Por Benjamín Barney Caldas
Arquitecto de la Universidad de los Andes con maestría en historia de la Universidad del Valle. Docente en la San Buenaventura y la Javeriana de Cali, el Taller Internacional de Cartagena y la Escuela de arquitectura y diseño, Isthmus, en Panamá. Miembro de la Sociedad Colombiana de Arquitectos, la Sociedad de Mejoras Públicas de Cali y la Fundación Salmona.
Lo que diferencia la arquitectura de la construcción común, pese a que por supuesto ambas comportan una estética, es su propósito deliberado de que emocione con lo que se ve de los volúmenes y espacios exteriores e interiores de los edificios cuando se los mira al recorrerlos, o cuando se recorren con la mirada. En la arquitectura las circulaciones no pueden ser meramente funcionales si se pretende tener a través de ellas una experiencia significativa, pero tampoco se debe comprometer su eficiencia, confort o seguridad.
Por eso dicha experiencia depende fundamentalmente de cómo se desequilibra la simetría en las fachadas de los diferentes cuerpos de una edificación, e igualmente en los alzados de sus distintos recintos, y sobre todo de cómo incide en ellos la luz, lo que también los desequilibra. Y algo similar pasa con los espacios públicos como calles, plazas y parques, o los patios y jardines privados, que precisamente están es al aire libre y cuya cubierta es el cielo, por lo que en ellos las sombras se producen es sobre sus suelos.
Sin luz no se ven los edificios ni los espacios públicos, y aunque también se perciben con otros sentidos, sin verlos, sonidos, texturas y olores son otra cosa. En el acertado manejo de la luz en edificios y espacios urbanos estriba buena parte de su capacidad de emocionar. Matiza, cuando no crea ex profeso, las sorpresas a lo largo de los recorridos y de las vistas a través de los vanos. Las que cambian a lo largo del día, con el movimiento del Sol, y ya entrada la noche que, sobre todo en las ciudades, nunca es totalmente cerrada, y menos ahora que la iluminación artificial permite otros efectos.

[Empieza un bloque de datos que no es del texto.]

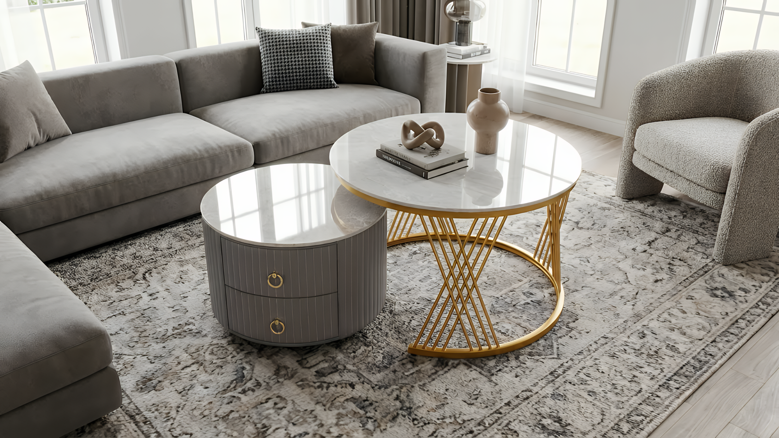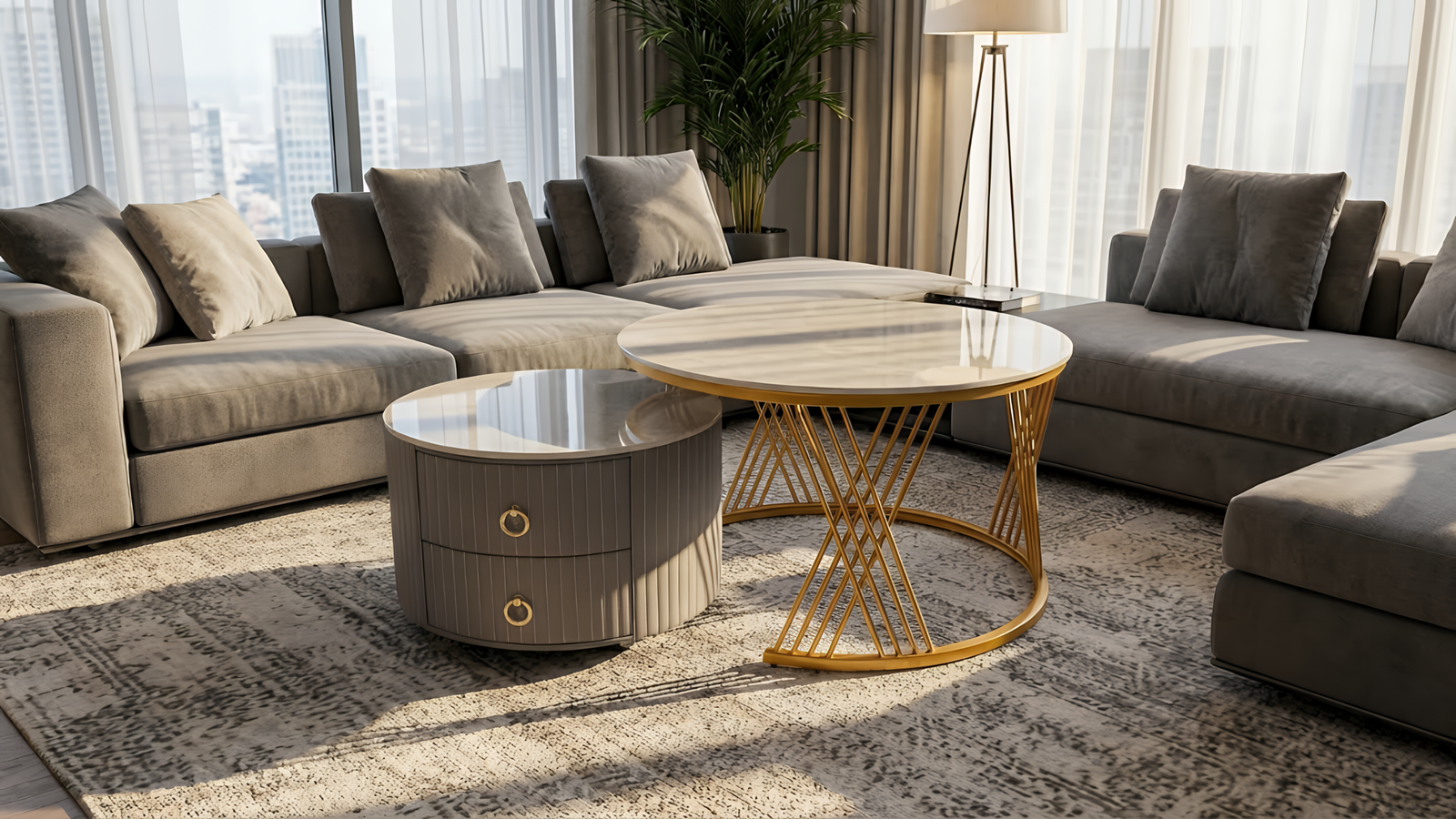 Saran Penggunaan: Sangat cocok dipadukan dengan sofa minimalis berwarna netral atau karpet bermotif untuk menonjolkan aksen emas pada meja.
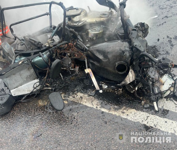 Унаслідок зіткнення мотоцикл загорівся, його водій загинув.
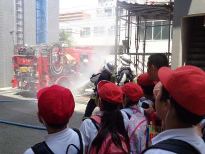 実際に消防車に触れて説明を受けたり、消火活動を見せていただきましたが、その迫力に子ども達も驚いているようでした。消防署の方々は、人の命を守るため、体を張って危険なことにも立ち向かっておられることがよくわかりました。

Por su parte, la composición de los volúmenes, fachadas, elevaciones y espacios de un edificio depende de cómo se organicen sus diferentes recintos a lo largo de un eje de composición, en uno o mas pisos. En la arquitectura hispanomusulmana y en consecuencia en nuestra arquitectura colonial se acoda generando sorpresas, coincidiendo con el espacio continuo y asimétrico de la mejor arquitectura moderna. Y se logran mas emociones en los recorridos cuando se los combina con los remates propios de las composiciones axiales.
Igualmente es muy importante la repetición de elementos. Una columna es solo una columna y su belleza depende de ella misma, pero ocho en fila ya son un templo y la belleza de este depende mucho mas de la repetición de sus columnas que de la belleza de cada una de ellas. Es lo que va de una teja a una techumbre, de un simple voladizo a un maravilloso pórtico, de una serie de ventanas a una desabrida fachada cortina de vidrio. Es la repetición de casas similares, pero no idénticas lo que hace bella una calle, un barrio.
Lo atractivo aparece cuando la simetría de las fachadas, alzados, plantas o cortes, se desequilibra intencionalmente, en mayor o menor grado. Desde la antigüedad los más admirables edificios simétricos, que lo solían ser casi todos, presentan algo que rompe su simetría y genera su belleza única. Desequilibrio que se presenta sencillamente cuando se los mira en escorzo, cuando tienen elementos asimétricos o, ya en la arquitectura más reciente, cuando son totalmente asimétricos, pero en los que de todas maneras hay un orden aunque oculto.